A better benchmark would run a few copies of the multi-core benchmark in parallel, and perhaps also do the subtasks in different order in each copy. Then it would report the sum of multi-core scores as the true multi-core score.
Click to expand...
If we think about it, GB6 is designed for multiple threads to co-operate and finish a common task. If a CPU architecture does well using GB6, does it follow that the same CPU architecture will do just as well completing multiple un-related tasks?

For massively parallel work-load that does not relate to one another, my understanding is that it is a main function of how fast the CPU can get at and process memory, how many useful threads can be in-flight at once, and how good the CPU IPC is. Apple's SoC main advantage is that it has larger pipe to main memory, the higher you go (M, M Pro, M Max, M Ultra), the pipe gets increasingly larger.

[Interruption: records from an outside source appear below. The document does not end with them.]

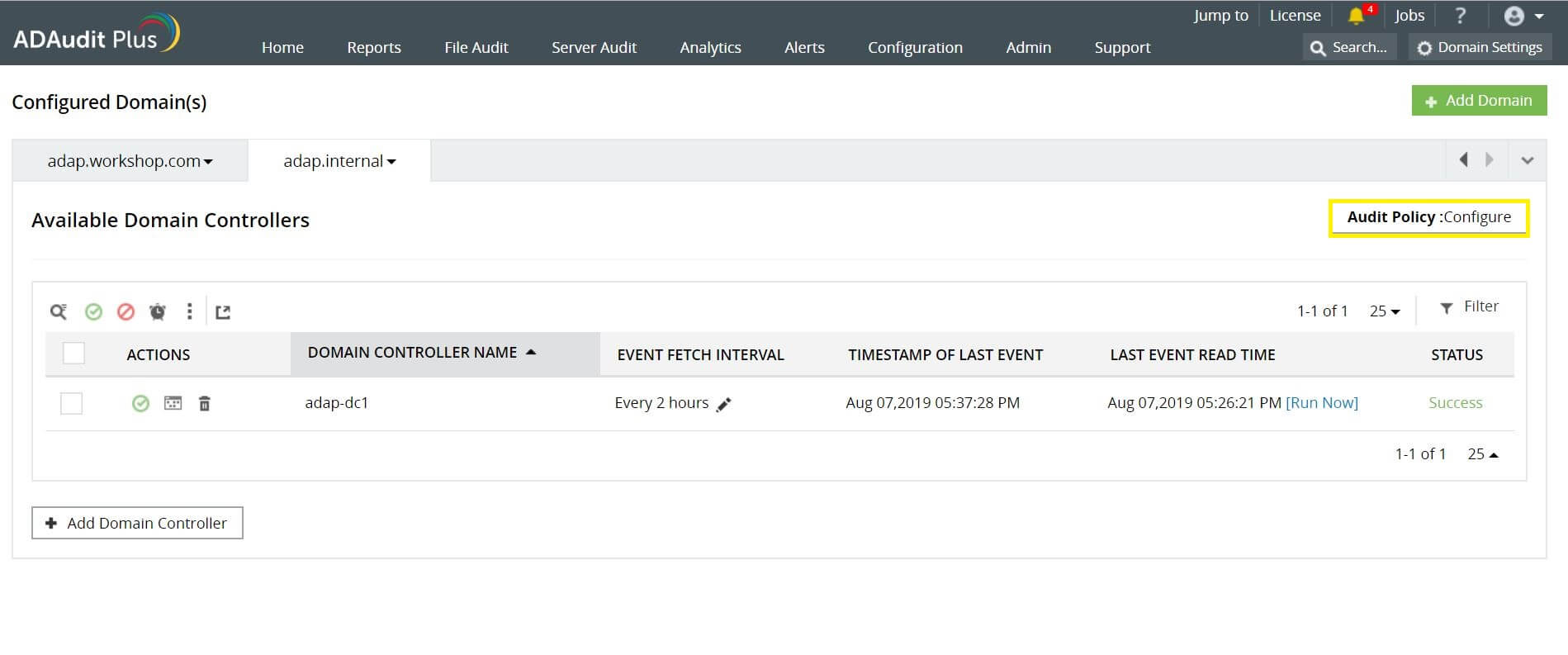 注意:ADAudit Plus可以自动配置GPO审核所需的审核策略。在上述步骤中单击“审核策略:配置”后,可以选择“是”以让ADAudit Plus自动配置所需的审核策略,也可以选择“否”以手动配置这些策略。
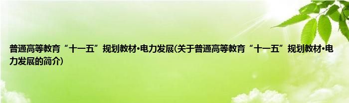 本文关于普通高等教育“十一五”规划教材·电力发展的简介就讲解完毕,希望对大家有所帮助。
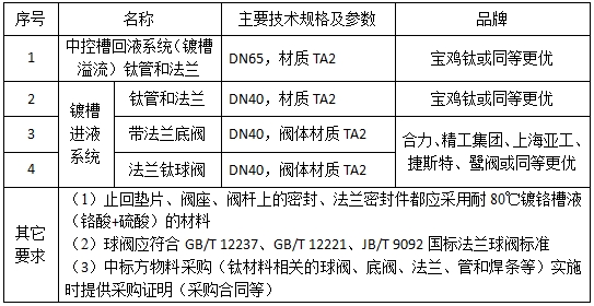 自動鍍鉻生產線現有鍍槽-中控槽鍍液循環系統塑料材質管道(管道、接頭與閥體)使用到一定年限老化,其中的溢流管路、回液管路及閥件將更新為鈦材料。
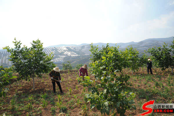 當年開始,連壁村黨支部積極響應左權發展核桃大縣,打造“一村一品”的號召,帶領全村留守的中老年人齊上陣,早出晚歸,大干苦干。“我們年齡大了,出去也找不下好活計,隻能種種地。村裡給大家找了好活路,我們願意跟著干!”生在連壁長在連壁,71歲的郭福蘭打心底不願意離開,看到生活有了新希望,他和村民們干勁十足,每天自帶干糧上山開荒。
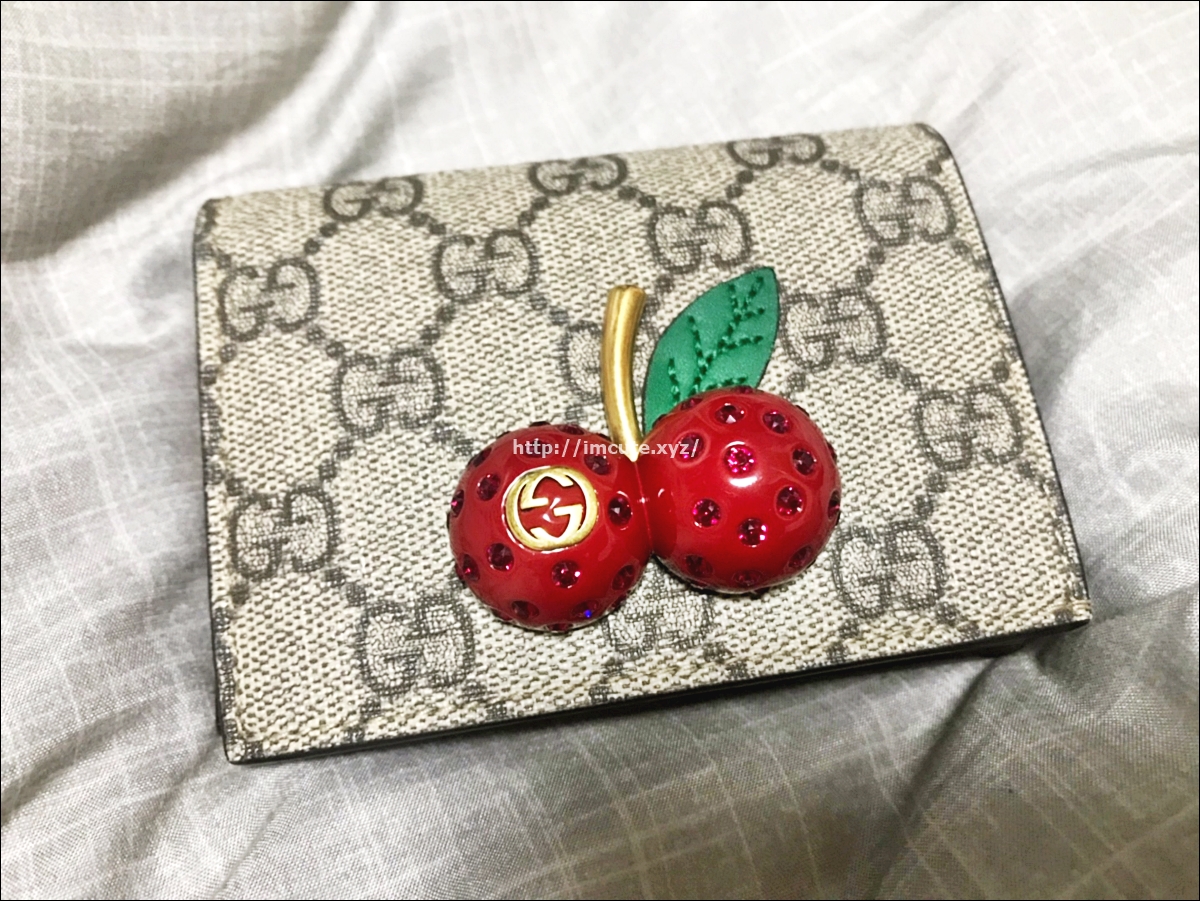 구매 한지는 1년정도가 된거 같지만 명품은 오래오래 쓸 수가 있죠! 구찌 체리지갑 리뷰입니다. 정식 명칭은 "체리 장식의 GG 수프림 카드 케이스"입니다. 구찌 시그니처 문양에 가운데 체리가 콕 박혀 있는 모델으로 아주 귀요미스럽습니다.
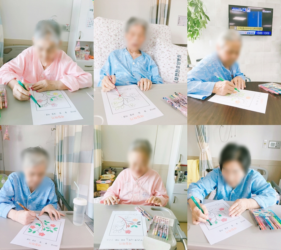 미술치료 - 색칠하기 본문 2017년 10월 19일 (목) 오늘은 미술치료로 색칠하기를 하였습니다. 도안을 보고 "예쁜 꽃이네~" 라고 말씀하시며 꽃의 종류를 물어보시기 하셨고 다양한 색을 통해 화려한 작품이 탄생하자 환한 미소를 보이기도 하셨습니다! 이전글 목록 다음글

The main dis-advantage is that Apple's CPU core runs at much lower frequencies compared to the CPU's that it's being compared against. The positive is that single thread GB6 benchmarks from the M3 show that even running at a 2GHz deficit it trades blows with those it's being compared to.
 
quarkysg said:
If we think about it, GB6 is designed for multiple threads to co-operate and finish a common task. If a CPU architecture does well using GB6, does it follow that the same CPU architecture will do just as well completing multiple un-related tasks?
Click to expand...
If you have a 16-core processor, GB5 runs 16 independent tasks with 1 core each. GB6 does the opposite, running just one task that is allowed to use all 16 cores. I was suggesting something in the middle, such as 4 independent tasks with 4 cores each. The scaling would likely be somewhere between what you see in GB5 and GB6.
 
JouniS said:
If you have a 16-core processor, GB5 runs 16 independent tasks with 1 core each. GB6 does the opposite, running just one task that is allowed to use all 16 cores. I was suggesting something in the middle, such as 4 independent tasks with 4 cores each. The scaling would likely be somewhere between what you see in GB5 and GB6.
Click to expand...
But my argument then still stands correct? If a CPU architecture does well with completing a shared task, does it follow that it will work just as well with the other extreme and anything that is in between as you have suggested?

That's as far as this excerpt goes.